The problem with this "problem" is the definitions are not clearly defined, and the question mixes language and mathmatics.

Now, consider this - If we define "infinity" as a stream that runs in any and all directions, then, YES, all is "captured" regardless of the starting point. In other words, if you define mathmatics as the "pure science", capable of traveling in all directions (not a linear progression), then the answer is easy - They are identical because "all directions and all encompassing" mean exactly that - ALL THINGS. - Another way to say this is "The eye of God".

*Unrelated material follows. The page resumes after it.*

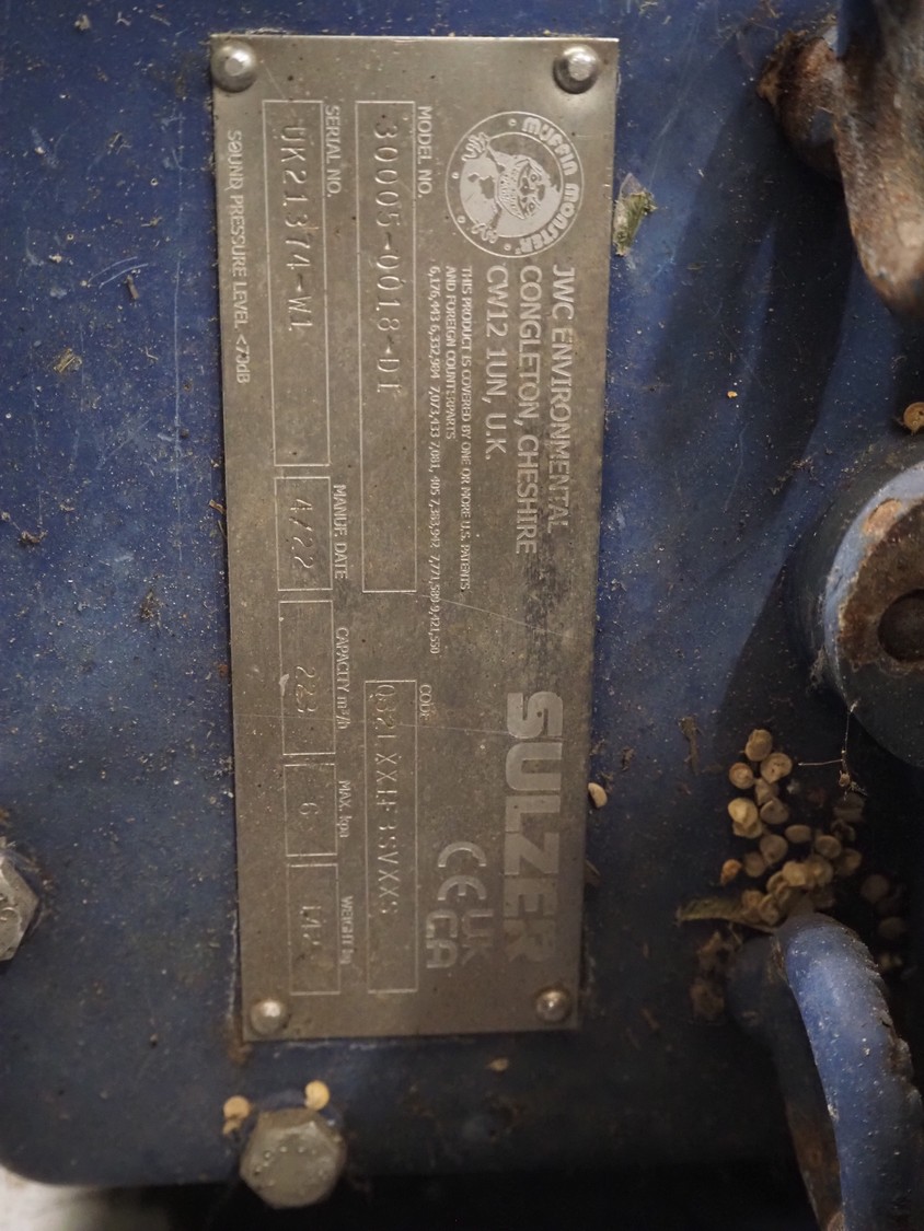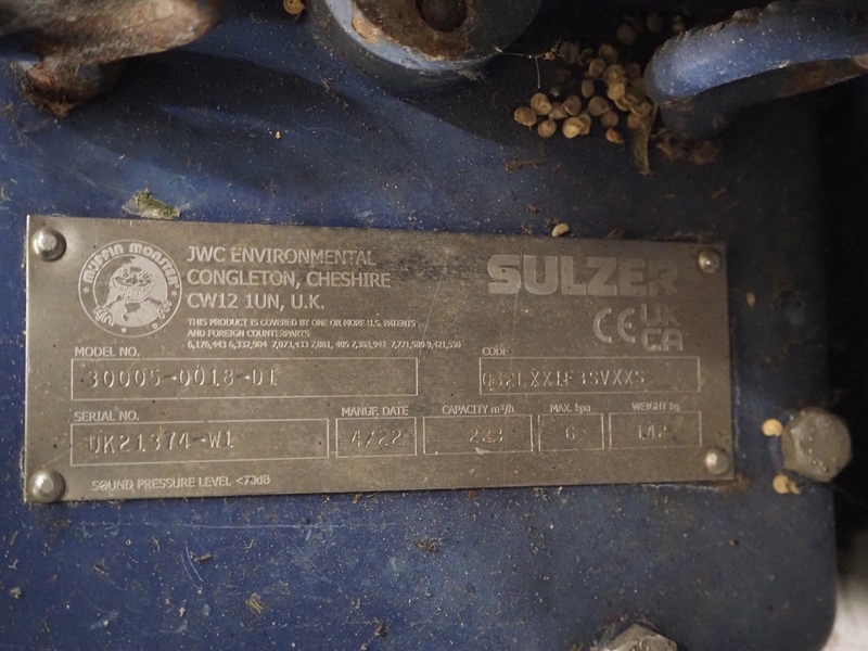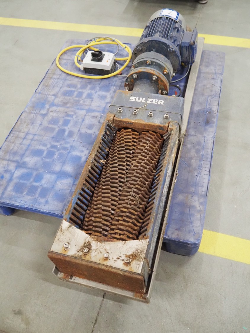 Sulzer shredder, model: 30005-0018-DI, serial number: UK21374-WL, year of construction: 2022, capacity: 223 m³ per hour, working width: 460 mm, total dimensions: 1500 mm x 340 mm x 240 mm.

But I personally believe that 2+2 is NOT four - But "4 and change". - we, as human beings are incapable of "pure thought", let alone "pure science"!

Answer 10

BTW what's "hols!"?? once you're thinking the idea... comprehend too that there are "more beneficial infinities", the infinity of irrational numbers is larger than the infinity of counting or rational numbers. With the adaptation of (e^x) - x², as x-->? the adaptation -->?. were the adaptation (e^x) - (x² + a million) the adaptation is an similar. perhaps to approximate the abstractness, evaluate the infinity of waterdrops in the sea; then upload a raindrop.